Take the lines below between the one holding "September 18 &" and the one holding "After a week", inclusive, and copy them exactly. Add nothing.

══ SUPPLIED ENTRIES

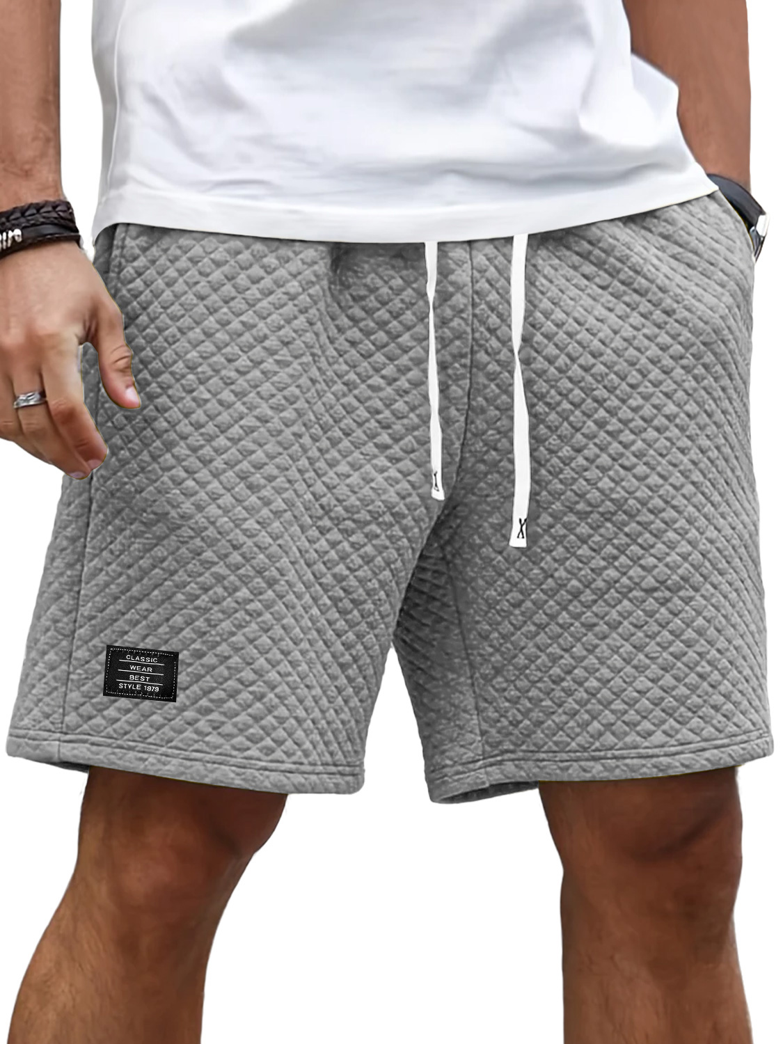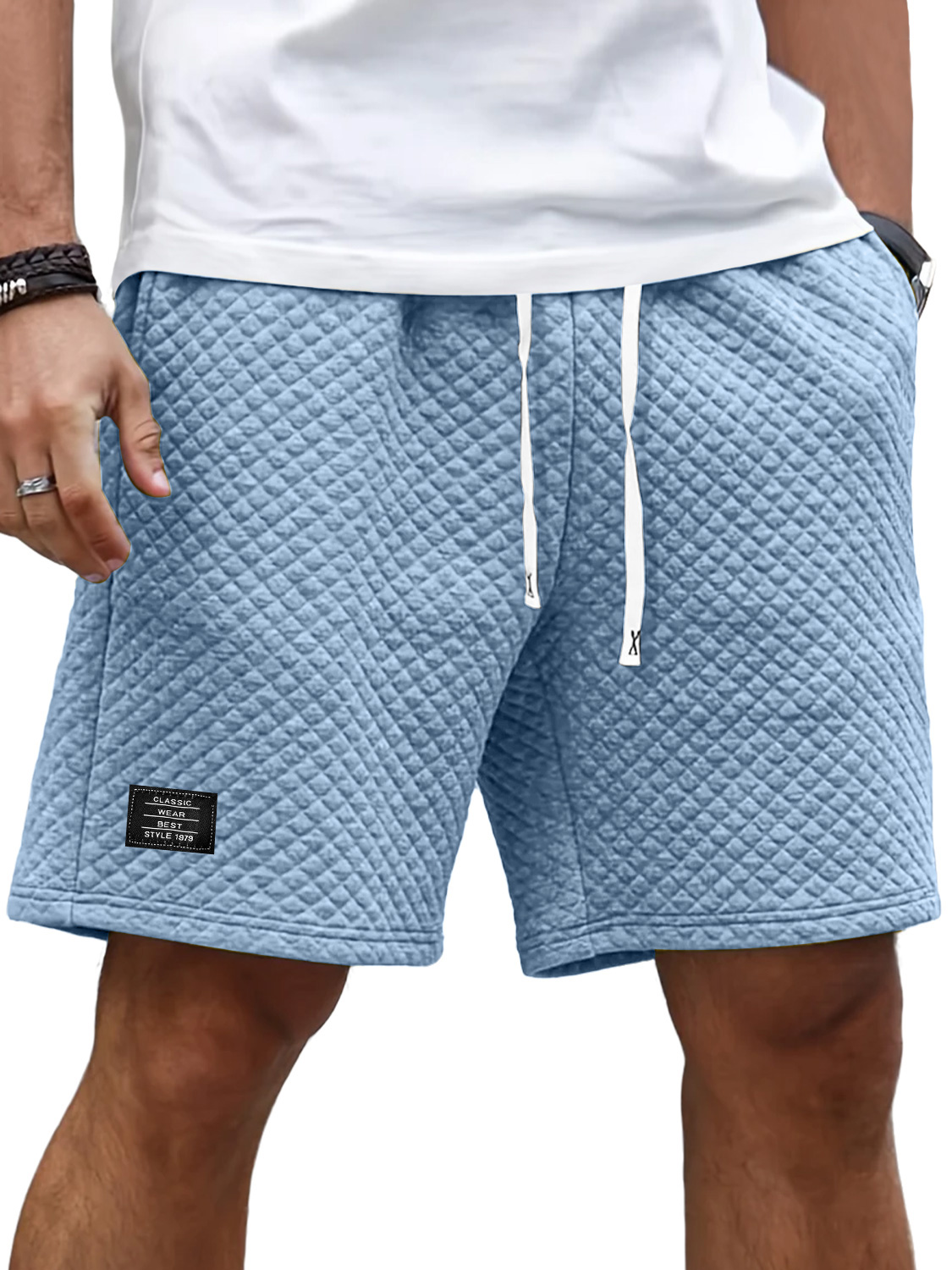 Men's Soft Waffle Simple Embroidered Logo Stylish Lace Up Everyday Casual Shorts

════
══ SUPPLIED ENTRIES

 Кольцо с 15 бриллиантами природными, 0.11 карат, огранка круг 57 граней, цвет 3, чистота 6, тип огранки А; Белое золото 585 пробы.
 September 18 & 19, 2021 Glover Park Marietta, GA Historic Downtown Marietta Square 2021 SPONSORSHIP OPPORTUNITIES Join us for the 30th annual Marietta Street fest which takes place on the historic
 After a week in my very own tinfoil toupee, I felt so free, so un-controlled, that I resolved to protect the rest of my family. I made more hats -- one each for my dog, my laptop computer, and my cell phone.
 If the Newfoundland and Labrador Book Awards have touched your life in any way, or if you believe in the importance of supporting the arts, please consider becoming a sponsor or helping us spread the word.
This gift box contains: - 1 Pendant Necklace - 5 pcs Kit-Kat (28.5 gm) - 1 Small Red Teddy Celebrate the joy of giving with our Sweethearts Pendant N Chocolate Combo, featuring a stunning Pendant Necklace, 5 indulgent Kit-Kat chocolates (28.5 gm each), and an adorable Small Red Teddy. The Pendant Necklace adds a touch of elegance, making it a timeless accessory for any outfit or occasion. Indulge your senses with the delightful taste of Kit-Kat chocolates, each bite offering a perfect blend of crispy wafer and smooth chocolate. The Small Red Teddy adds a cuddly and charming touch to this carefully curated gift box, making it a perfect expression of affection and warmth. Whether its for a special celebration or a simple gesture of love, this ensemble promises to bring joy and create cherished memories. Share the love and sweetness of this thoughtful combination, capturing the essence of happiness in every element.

════

YOUR RESPONSE:
 September 18 & 19, 2021 Glover Park Marietta, GA Historic Downtown Marietta Square 2021 SPONSORSHIP OPPORTUNITIES Join us for the 30th annual Marietta Street fest which takes place on the historic
 After a week in my very own tinfoil toupee, I felt so free, so un-controlled, that I resolved to protect the rest of my family. I made more hats -- one each for my dog, my laptop computer, and my cell phone.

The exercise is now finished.